Czy mężczyzna, który ważył kiedyś 130 kg może biegać półmaratony? Może. Jestem tego najlepszym przykładem. Wymaga to jednak treningów i silnej woli, ale opłaca się. Satysfakcja z pokonania dystansu 21 km 97 m jest olbrzymia. Pomimo bólu i zmęczeniu, które towarzyszą na trasie biegu, moment przekroczenia linii mety wynagradza wszelkie trudy. Gdy medal zawiśnie na szyi człowiek czuje się zwycięzcą. Pewnie zdarzy się ktoś kto powie, że to żadne zwycięstwo, to tylko zwykłe ukończenie biegu z kiepskim czasem 2 godz. 12 min. 32 s. Ma prawo do takiego zdania. Tak samo jak ja mam prawo zadać pytanie: "A Ty w jakim czasie przebiegasz ten dystans?". Wydaję mi się jednak, że bardziej na miejscu będzie pytanie: "Przebiegłeś kiedykolwiek półmaraton?". Zwycięzcą jest ten kto podejmuje walkę, a nie ten kto unika walki w obawie przed porażką.

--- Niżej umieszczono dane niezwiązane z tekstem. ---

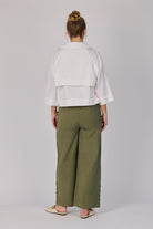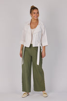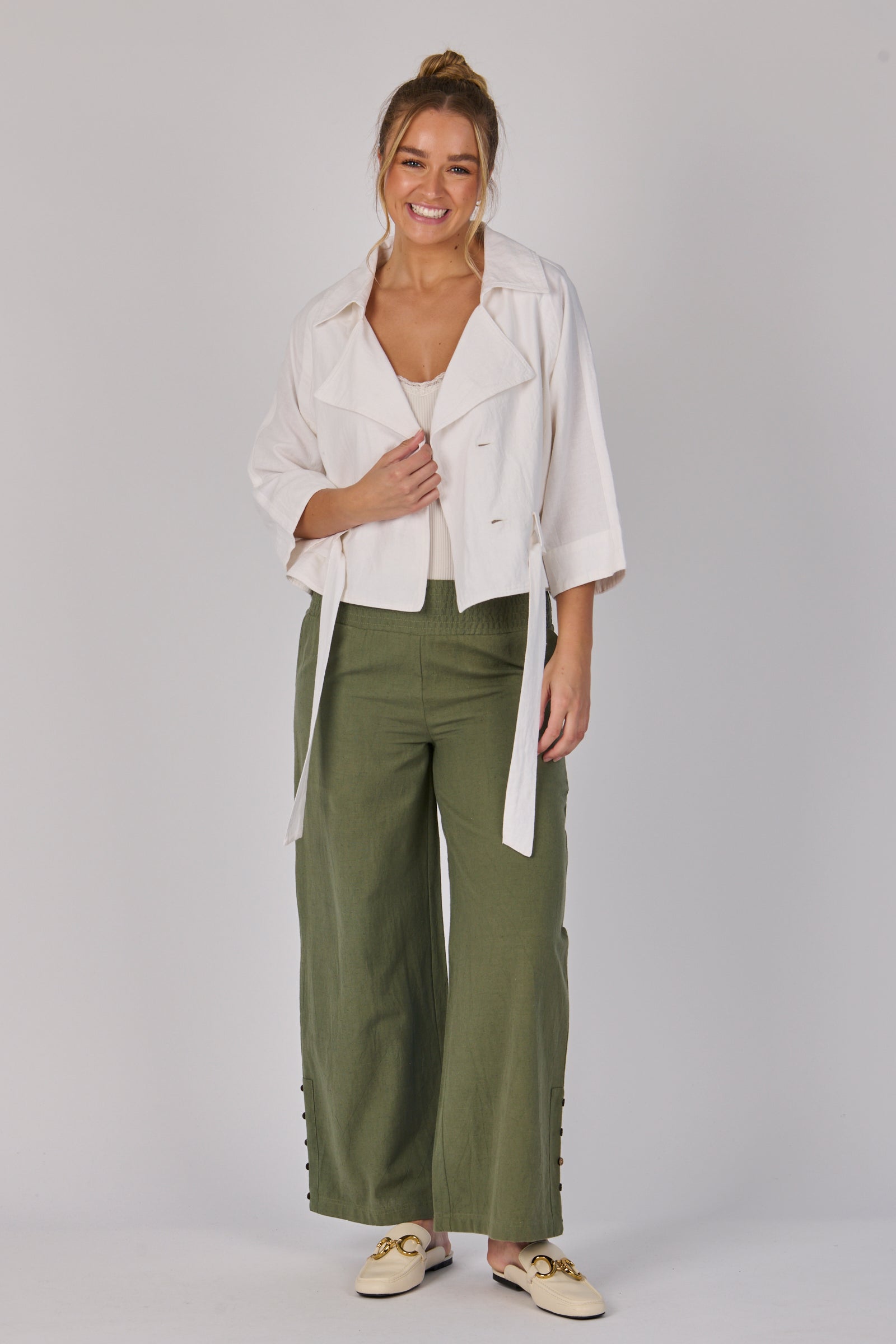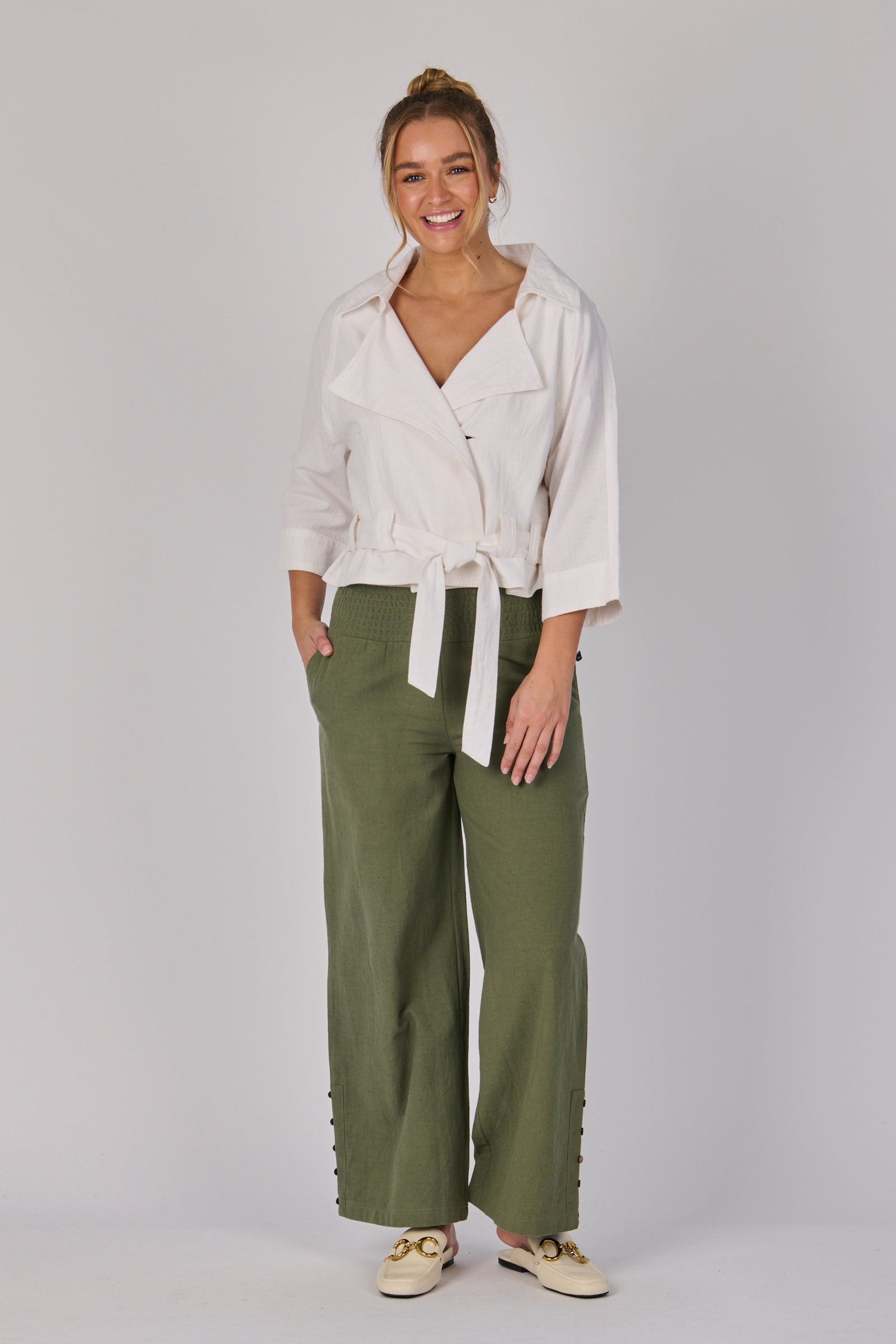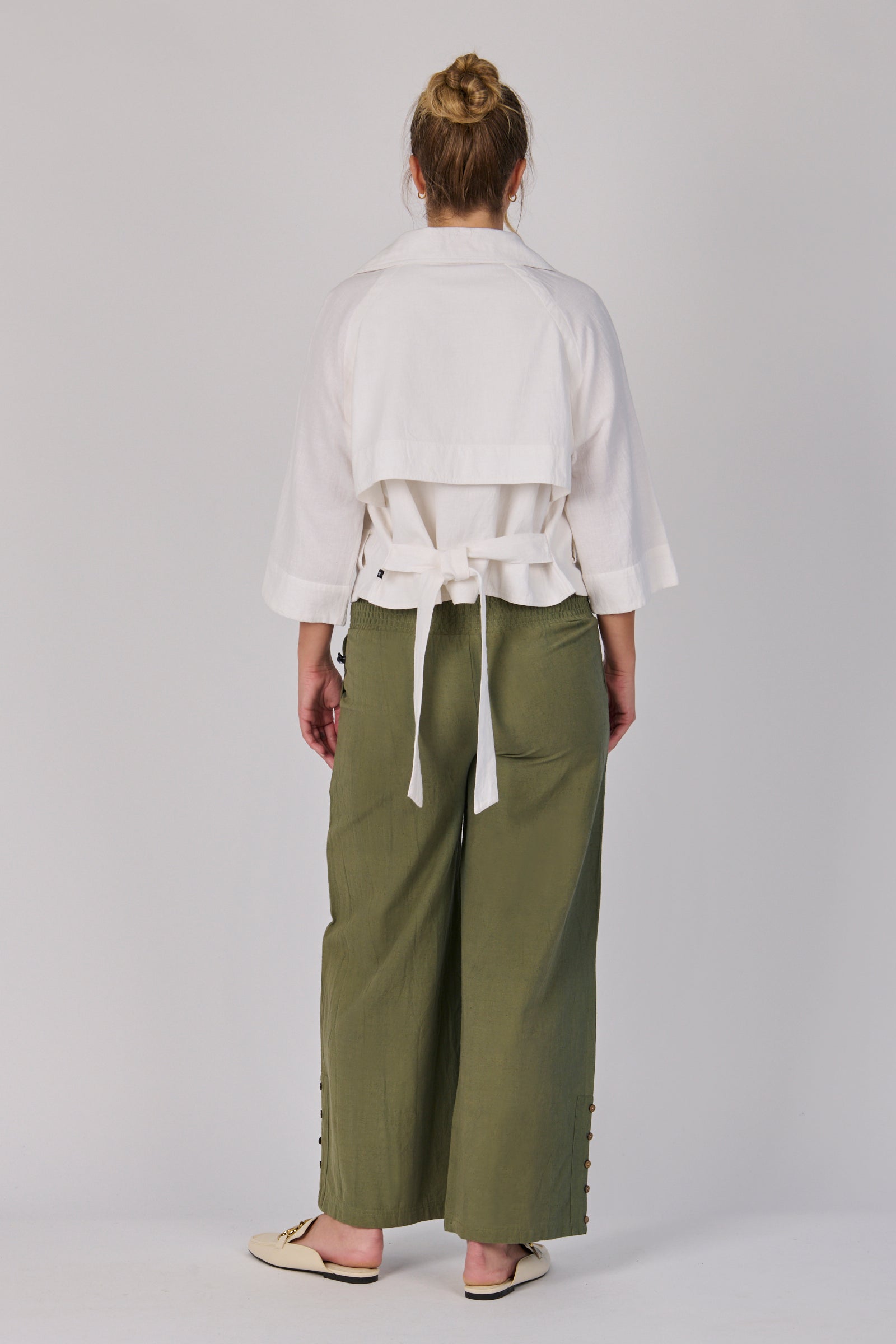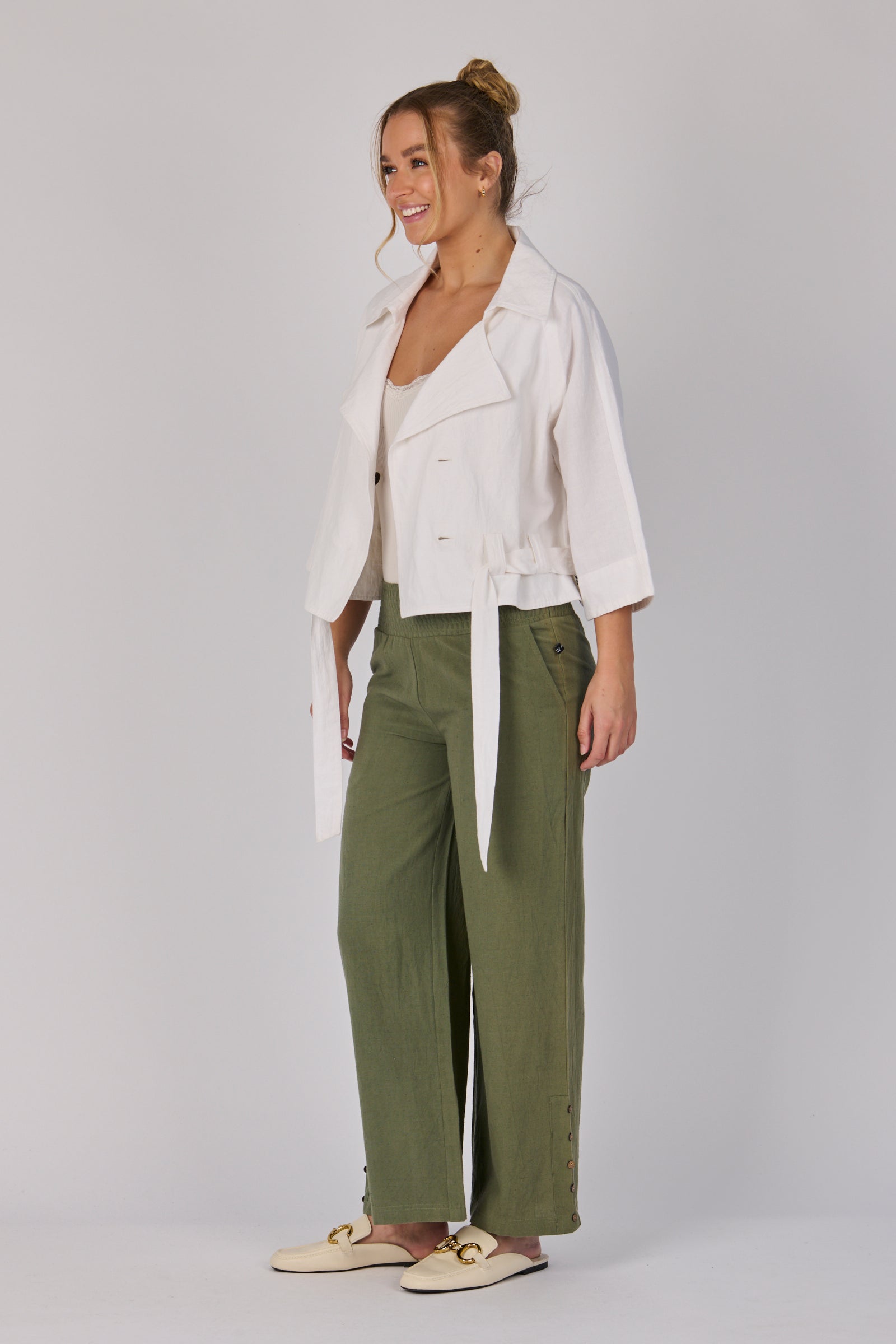 The Short Trench Jacket in White is crafted from a breathable cotton-blend fabric for comfort and structure. Designed with a cropped silhouette, wide lapel collar, and adjustable waist tie, this jacket is the perfect lightweight layer for trans-seasonal dressing. Pair it effortlessly with tailored pants or denim for an elevated everyday look.
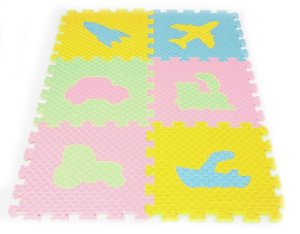 Pěnový koberec s vyjímatelnými dílky dopravních prostředků v pastelových barvách je omyvatelný, tlumí hluk a izoluje od chladu.
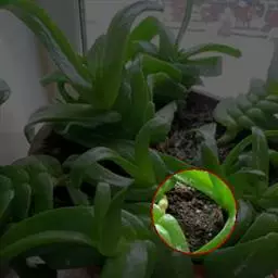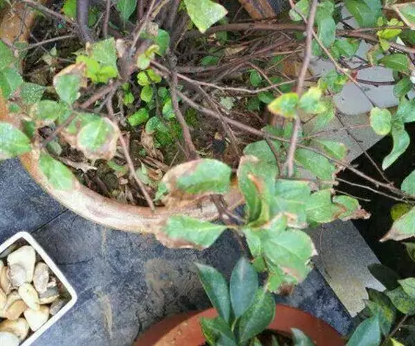 选好枝条后,再在估计处于营养钵中心位置的枝条部位,用小刀对枝条进行环切,去掉一圈树皮,深度要达到木质部,露出木质部,长度约为0.7厘米至1厘米左右。然后根据所选枝条的粗细,取一直径约为10厘米至15厘米的黑色软质营养钵,先将营养钵的任意一边从上至下剪开,剪开的长度根据枝条嵌入钵内的高度而定。然后在营养钵的下部周边和底部共剪5个至7个小孔,作为漏水和观察用。然后将营养钵套在枝条上,使枝条的环切处位于营养钵上部1/3处,并处在营养钵的中心位置。再用木棒扎成三角架将营养钵固定,或用其他方法(如在营养钵的下方再放一个装满泥土的营养钵)固定。在原来营养钵的剪开处用细铁丝扎好。再填入干湿适度的泥土,泥土一般以园土拌腐叶土为好。填入泥土时要注意将枝条的下方填实,不留空隙,并将泥土稍为压紧。最后浇水,水要浇透。
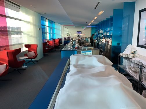 I used the Virgin Atlantic lounge at San Francisco airport (a review from a prior flight). It still impresses with wonderful interior design, especially on this sunny morning. However, the breakfast spread isn't great or high quality. With just 4 passengers in the lounge, it still felt like First Class!
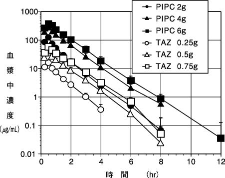 健康成人に本剤(2.25g、4.5g及び6.75g)注4)を、30分点滴静注したときの血漿中濃度の推移及び薬物動態パラメータは図1のとおりであり、タゾバクタム(TAZ)、ピペラシリン(PIPC)の血漿中濃度は用量の増加に伴い上昇した3)。
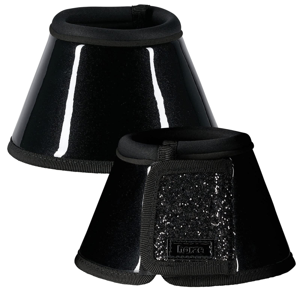 Brighten up your horse tack! These new bell boots protect your horse's legs in the most stylish way. The durable outer material is long-lasting and the lining is made from elastic neoprene. Strong hook-and-loop fasteners keep the boots in place. They are coated in glitter material for a sparkly look. Pair with the matching brushing boots (#19105) for a full look.
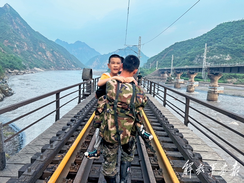 在北京市門頭溝區(qū),北京衛(wèi)戍區(qū)某部官兵奔襲15公里趕到齋堂鎮(zhèn)沿河口村,挽起褲腿、背上村民,在湍急的河水中一趟趟往返。
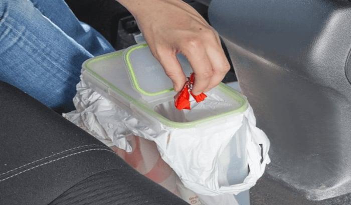 Head to your kitchen or the nearest dollar store and grab a plastic cereal container. Line it with a plastic bag, then place it inside your car. This simple, improvised trash can gives you a convenient spot to dispose of trash, helping you keep your car clean and organized on the go!

Najcenniejsze medale z mojej kolekcji.

Rok 2016 był dla mnie łaskawy pod względem ukończonych zawodów biegowych. Trzy biegi na dystansie 10 km i dwa półmaratony. Nigdy nie zapomnę tego upalnego września na ulicach miasta i gminy Swarzędz. Na trasie było ciężko. Myśli w głowie radziły mi zejść z trasy, ale serce kazało biec i się nie poddawać. Pierwszy półmaraton zaliczony w rodzinnej Wielkopolsce. Miałem jednak apetyt na więcej. Grudzień. Mikołajki. Toruń. Drugi ukończony półmaraton. Na mecie duma i... zakwasy. Nie sposób nie zgodzić się z przysłowiem, że apetyt rośnie w miarę jedzenia. Na przyszły rok, który zbliża się wielkimi krokami, mam ambitne plany. Marzy mi się zdobycie Korony Polskich Półmaratonów w 2017 roku. Aby uzyskać taki medal należy ukończyć w przyszłym roku minimum 5 półmaratonów z 10 wskazanych przez organizatora. Mój wybór padł na zawody odbywające się w Gdańsku, Białymstoku, Grodzisku Wielkopolskim, Gnieźnie i Krakowie. Moja walka rozpocznie się 19 marca, a zakończy 15 października. Czy zwieńczona zostanie sukcesem, to czas pokaże. Jestem dobrej myśli. Trening i dieta, a będzie z Tomka atleta.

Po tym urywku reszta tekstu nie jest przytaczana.